Before copying, set the pictures aside; then repeat every line below verbatim.

[[ Given data, beginning ]]

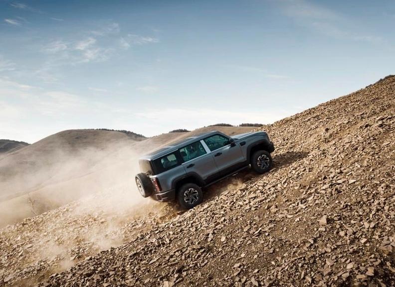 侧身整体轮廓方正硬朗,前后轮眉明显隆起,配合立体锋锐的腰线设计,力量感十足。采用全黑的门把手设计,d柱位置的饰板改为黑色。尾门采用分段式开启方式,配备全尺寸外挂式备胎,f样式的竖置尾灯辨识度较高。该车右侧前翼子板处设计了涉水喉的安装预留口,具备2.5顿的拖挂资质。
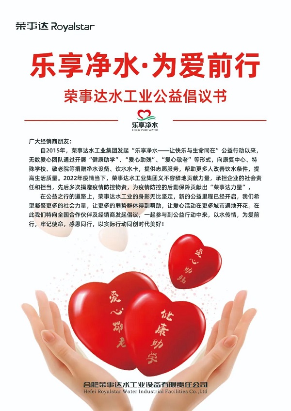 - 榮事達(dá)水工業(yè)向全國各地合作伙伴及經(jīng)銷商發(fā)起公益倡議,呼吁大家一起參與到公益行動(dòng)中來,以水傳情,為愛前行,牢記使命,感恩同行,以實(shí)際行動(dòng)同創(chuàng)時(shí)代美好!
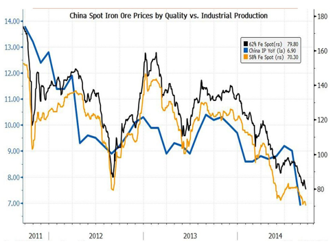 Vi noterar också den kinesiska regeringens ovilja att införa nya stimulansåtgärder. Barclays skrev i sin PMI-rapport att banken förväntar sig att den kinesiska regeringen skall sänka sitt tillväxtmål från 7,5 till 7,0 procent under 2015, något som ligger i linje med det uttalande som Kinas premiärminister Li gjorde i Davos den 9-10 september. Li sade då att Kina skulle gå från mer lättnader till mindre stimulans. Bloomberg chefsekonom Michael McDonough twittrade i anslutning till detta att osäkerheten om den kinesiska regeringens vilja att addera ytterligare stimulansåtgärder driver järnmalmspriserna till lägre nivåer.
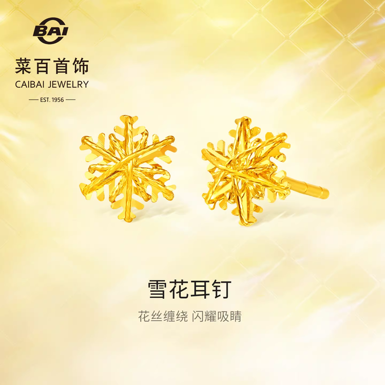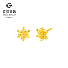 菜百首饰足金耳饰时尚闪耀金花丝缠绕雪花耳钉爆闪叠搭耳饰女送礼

[[ Given data, end ]]

* **Written solution**
 侧身整体轮廓方正硬朗,前后轮眉明显隆起,配合立体锋锐的腰线设计,力量感十足。采用全黑的门把手设计,d柱位置的饰板改为黑色。尾门采用分段式开启方式,配备全尺寸外挂式备胎,f样式的竖置尾灯辨识度较高。该车右侧前翼子板处设计了涉水喉的安装预留口,具备2.5顿的拖挂资质。
 - 榮事達(dá)水工業(yè)向全國各地合作伙伴及經(jīng)銷商發(fā)起公益倡議,呼吁大家一起參與到公益行動(dòng)中來,以水傳情,為愛前行,牢記使命,感恩同行,以實(shí)際行動(dòng)同創(chuàng)時(shí)代美好!
 Vi noterar också den kinesiska regeringens ovilja att införa nya stimulansåtgärder. Barclays skrev i sin PMI-rapport att banken förväntar sig att den kinesiska regeringen skall sänka sitt tillväxtmål från 7,5 till 7,0 procent under 2015, något som ligger i linje med det uttalande som Kinas premiärminister Li gjorde i Davos den 9-10 september. Li sade då att Kina skulle gå från mer lättnader till mindre stimulans. Bloomberg chefsekonom Michael McDonough twittrade i anslutning till detta att osäkerheten om den kinesiska regeringens vilja att addera ytterligare stimulansåtgärder driver järnmalmspriserna till lägre nivåer.
 菜百首饰足金耳饰时尚闪耀金花丝缠绕雪花耳钉爆闪叠搭耳饰女送礼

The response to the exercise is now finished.